Tuesday, January 19, 2010

Calculating heat loss from a box or cylinder

A student writes: "I was thinking back to a lab we had at the ITC facility where we used a formula to determine the amount of energy from a cardboard box that had a 60 watt lamp underneath it. Do you have the specifics for that exercise and the formula used to obtain the results? I was wondering if I could use the formula to calculate temperatures under other types of materials (metal enclosures)."

The “watt loss” or “mystery box” lab uses a cardboard cylinder with a light bulb inside. We change the bulb occasionally, using anything from 25 to 75 watts or so. We also use a spaghetti pot as a cylinder.
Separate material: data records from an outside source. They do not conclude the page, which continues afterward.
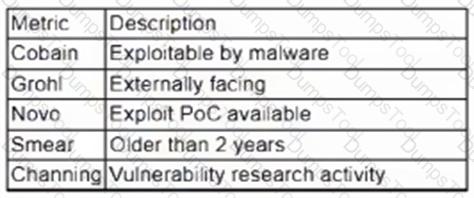 Additionally, the vulnerability management team feels that the metrics Smear and Channing are less important than the others, so these will be lower in priority. Which of the following vulnerabilities should be patched first, given the above third-party scoring system?
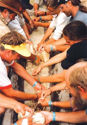 Class participants brain hides in a dug out canoe
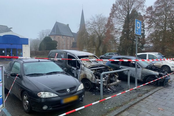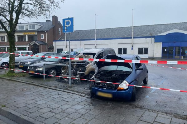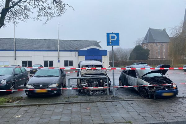 De politie heeft de auto’s met lint afgezet en er zal later vandaag onderzoek worden gedaan. De brandweer gaat uit van brandstichting.
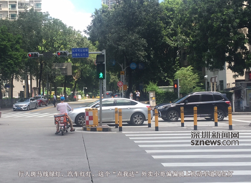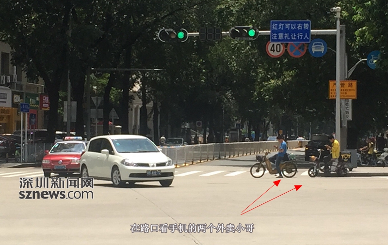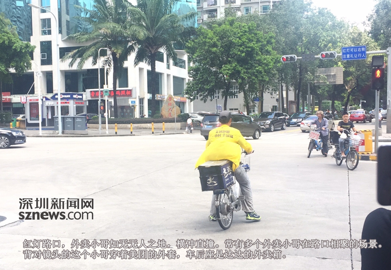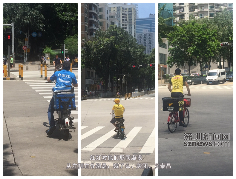 上述这些广告词,并不是说说而已。每一次与小汽车的擦身而过,每一次旁若无人冲红灯、每一次在机动车道见缝插针,都让你感觉,外卖小哥不光是在送外卖,更是用“潇洒”的车技与时间赛跑。8月29日、30日,记者兵分多路于中午用餐高峰期来到福田区CBD、红荔西路和景田路、科技园、宝安中心地铁站附近,对外卖送餐情况进行实地采访,用视频和照片记录了烈日下外卖小哥几近“疯狂”的1个小时。
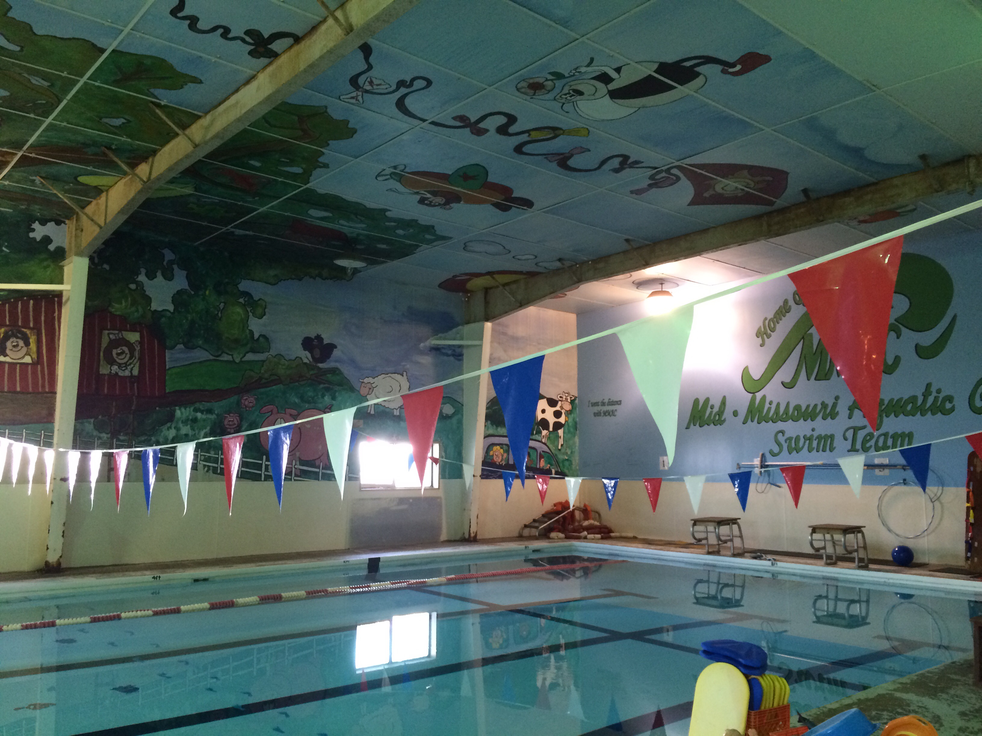 The pool, walls and ceiling were painted with cute animal figures and scenes, and it made for a very amusing swim.
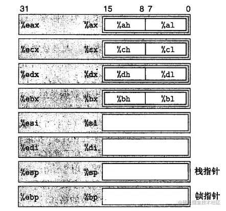 这里我们要讲的就是第三个整数寄存器,在 32 位 CPU 中包含一组 8 个存储 32 位值的寄存器。这些寄存器用来存储整数数据或指针。下图是 IA32 的整数寄存器:
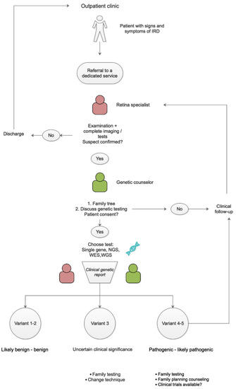Genetic testing is indicated in a patient with a presumed diagnosis of IRD on the basis of clinical and instrumental findings, but it must not be used to exclude an IRD, as a negative result could reflect the limits of the analyzing technique (i.e., limited panel of genes) [58]. In some instances, no disease-related variants are found, possibly because the pathogenic defect lies in an unknown gene or in a region that is not covered by the sequencing technique.

If you measure the area of the box or cylinder and also measure the average surface temperature, you can calculate the total wattage. This assumes that there is no loss through the bottom. Not quite true, but we insulate the bottom of the cylinder to minimize heat losses. Since we perform this experiment in still air, we assume all natural convection (not forced). The formulas used can be found in any standard heat transfer or engineering handbook. This information and experiment is covered in our Level II and Level III classes.

The purpose of this lab is to simulate an oil filled circuit breaker, or similar device, that is heating up. Any heat losses through the bottom or by wind simply means that the device is actually generating more watts than you have calculated.

Once you calculate the power in watts, if you measure the current you can calculate the internal resistance. For OCB’s this is measured in micro-ohms.

Bob Madding created an application to calculate the wattage and internal resistance. This has been included on the Utility or Resource CD that we pass out in class. He also wrote a paper on this. It was presented at the 2001 InfraMation conference. The proceedings are available at the ITC web store.